Challenging Time Ahead: A New Competitor Comes to Town!
Best Bazaar, a new VC-funded startup, had started taking the market by storm. They were flush with VC money and were spending aggressively to gain market share. Bazaarly felt threatened by Best Bazaar’s growth trajectory - they were disrupting the market left and right. Bazaarly CEO thus decided to initiate a “Code Red - All Hands on Deck!” - all teams must now start delivering features 3x faster than before, otherwise it will be game over for the company.
Questions to Readers
Here are some questions for the patient readers:
What were the major steps needed in this universe to get a feature from ideation to production?
Which teams were needed to do work that the RE Team could not complete themselves to ship features (i.e., virtual tours, extended lifecycle)?
What was the implicit optimisation goal the Listing Team and the RE Team were thinking of when they decided to introduce virtual tour attributes in the Listing domain?
What was the primary cost introduced by the optimisation goal mentioned in question 3, and where did it show up in the feature lead time?
What would happen if Bazaarly started spinning up more specialised category teams? What if they decided to go the other way round - merge verticalized teams back into one?
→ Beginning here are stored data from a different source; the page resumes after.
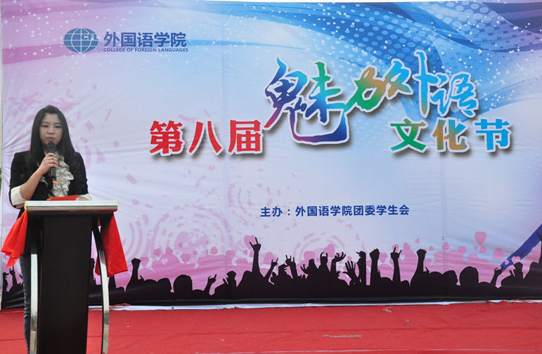 为给十三水在线 学子提供一个发现外语文化魅力,开拓国际视野,展现自我,提升表达能力的实践交流平台,十三水在线 主办了第八届“魅力外语文化节”活动。4月25日,第八届“魅力外语文化节”开幕式在将军路校区樱花广场隆重举行。十三水在线 党委副书记庞小燕老师、校团委副书记徐川老师、十三水在线 团委书记赵铮老师以及各年级辅导员出席了本次开幕式,并由庞书记为开幕式致辞。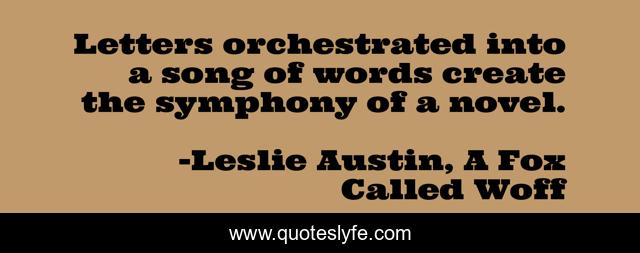 This page presents the quote "Letters orchestrated into a song of words create the symphony of a novel.". Author of this quote is Leslie Austin, A Fox Called Woff. This quote is about writers-on-writing, author, wordplay, writing-process,.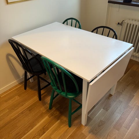 Mycket fint matbord i massivt trä. Längd 62+28+28 cm. Naturfärg på skivan vitlackade ben. Två utfällbara klaffar.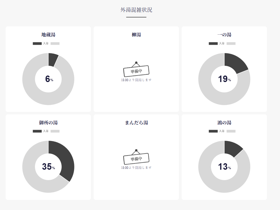外湯の混雑状況がネットで確認できるようになっていました。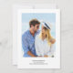 This elegant modern save the date card features a navy blue watercolor agate border trimmed with faux gold glitter. The customisable text is charcoal grey on a white background. Easily replace the sample image on the back of the card with your vertical photo, and add a brief text with additional information (such as your website URL).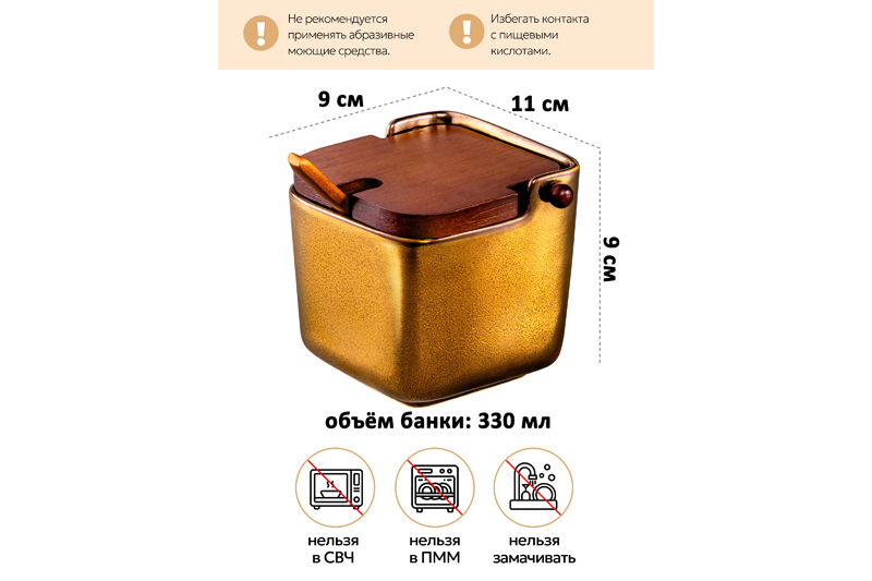 Банка для сыпучих продуктов из серии «Бронза» станет стильным дополнением вашей кухни. Размер изделия – 11х9х9 см, объём – 330 мл, высота без крышки – 9 см. Изделие выполнено из фарфора и имеет откидную бамбуковую крышку. В комплект входит ложечка из бамбука. Необычная геометрическая форма и бронзовый оттенок придают посуде лимитированной серии Bronze Fusion Porcelain Collection элегантный вид. Спокойный и гармоничный дизайн сочетает в себе прочность бронзы и изысканность фарфора. Банка надолго сохранит привлекательный внешний вид, не впитывает цвет и запах продуктов, а бронзовое покрытие придаёт посуде неповторимый блеск. Фарфоровая ёмкость подойдёт для чая, кофе, сахара, соли, приправ, специй, круп и орехов. Не рекомендуется применять абразивные моющие средства. Из-за бамбуковых деталей изделие не подходит для использования в микроволновой печи и посудомоечной машине. Поставляется в стильной картонной упаковке. Банка для сыпучих продуктов станет настоящим украшением вашего дома и чудесным подарком для любой хозяйки. Посуда лимитированной серии Bronze Fusion Porcelain Collection украсит кухонный интерьер и будет прекрасно сочетаться между собой!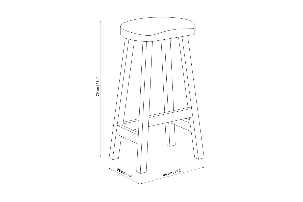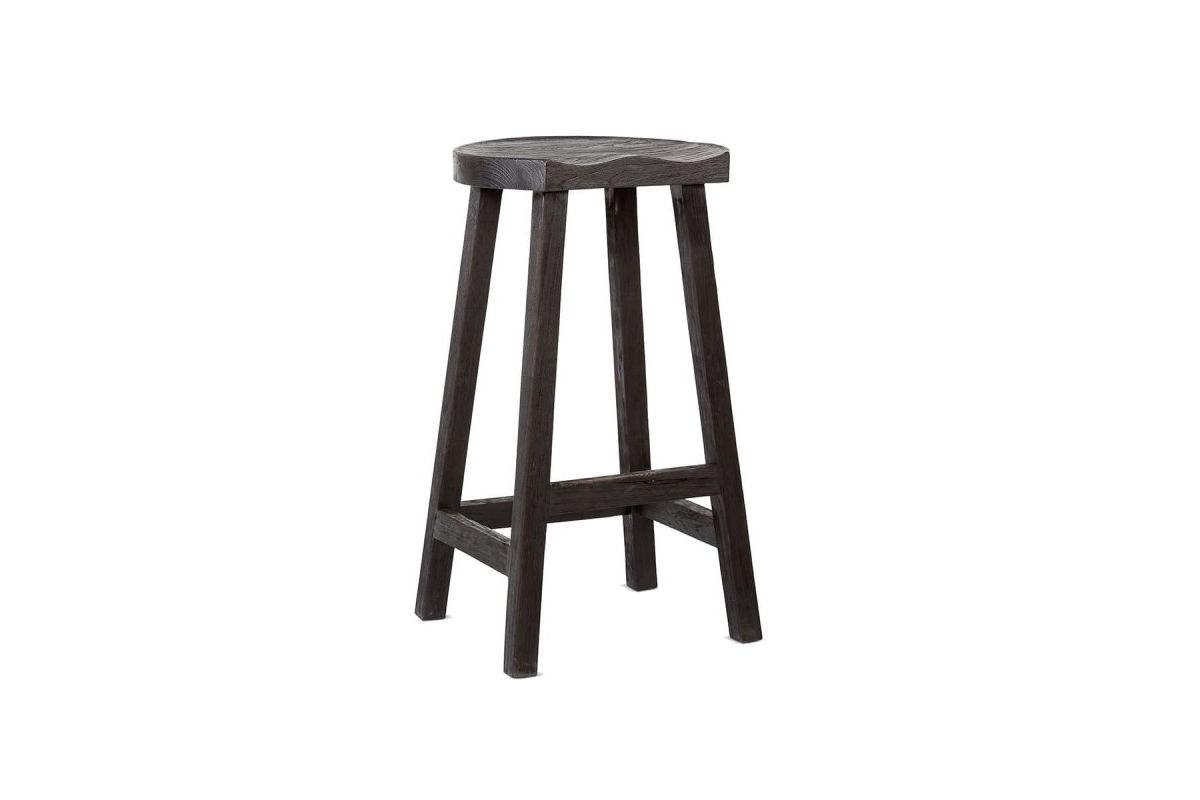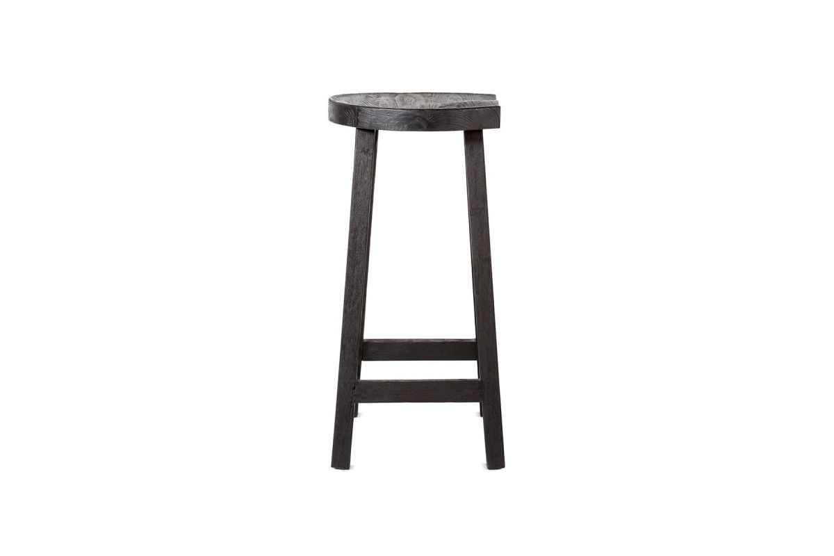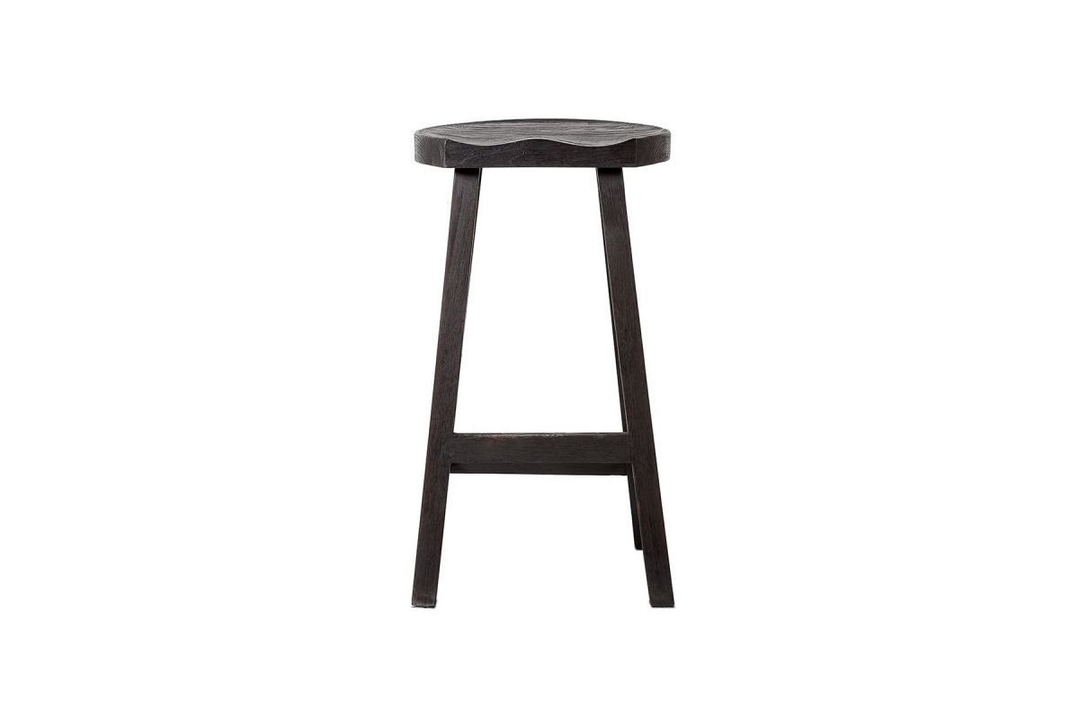Tabouret haut 79 cm en teck teinté noir avec forme originale en creux pour s'asseoir. Ce tabouret de bar noir s'accorde avec les tons design en vogue gris / noir. Dans une pièce à vivre, la stature de ce tabouret s'impose comme un élément d'une déco très actuelle.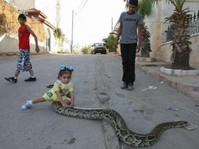 巴勒斯坦2岁幼童骑巨蟒玩耍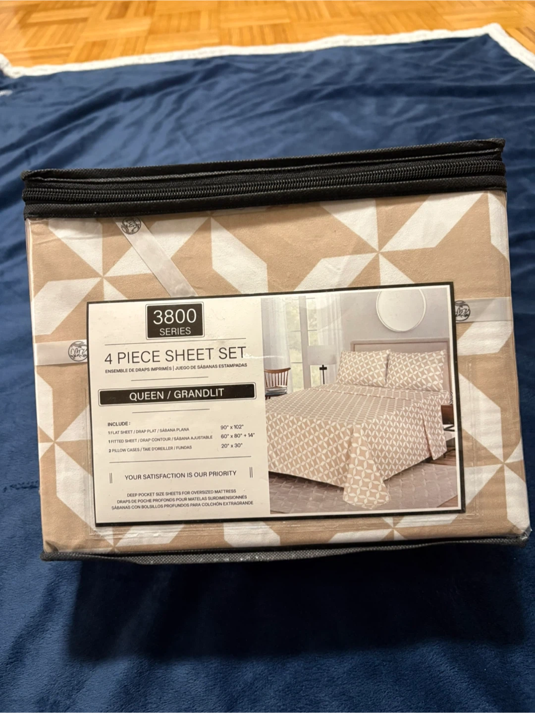 This Brand new 4-piece sheet set includes 1 flat sheet, 1 fitted sheet, and 2 pillow covers. The queen-sized set features a geometric triangle pattern. Material is soft and durable.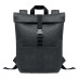 RPET felt backpack with cotton strap closure and zippered pocket on the front. It has a laptop compartment.

How would these reorganisations affect the feature lead time?
Suppose Bazaarly started using AI tools and, as a result, cut implementation and debugging time by 50%. In addition, they had access to AI-powered monitoring and observability tools, which made understanding complex production systems 50% easier. What would happen to the end-to-end feature lead time in this case?
What if the AI tools increased the speed of writing code by 3x? Would Bazaarly produce 3x more features in the same amount of time?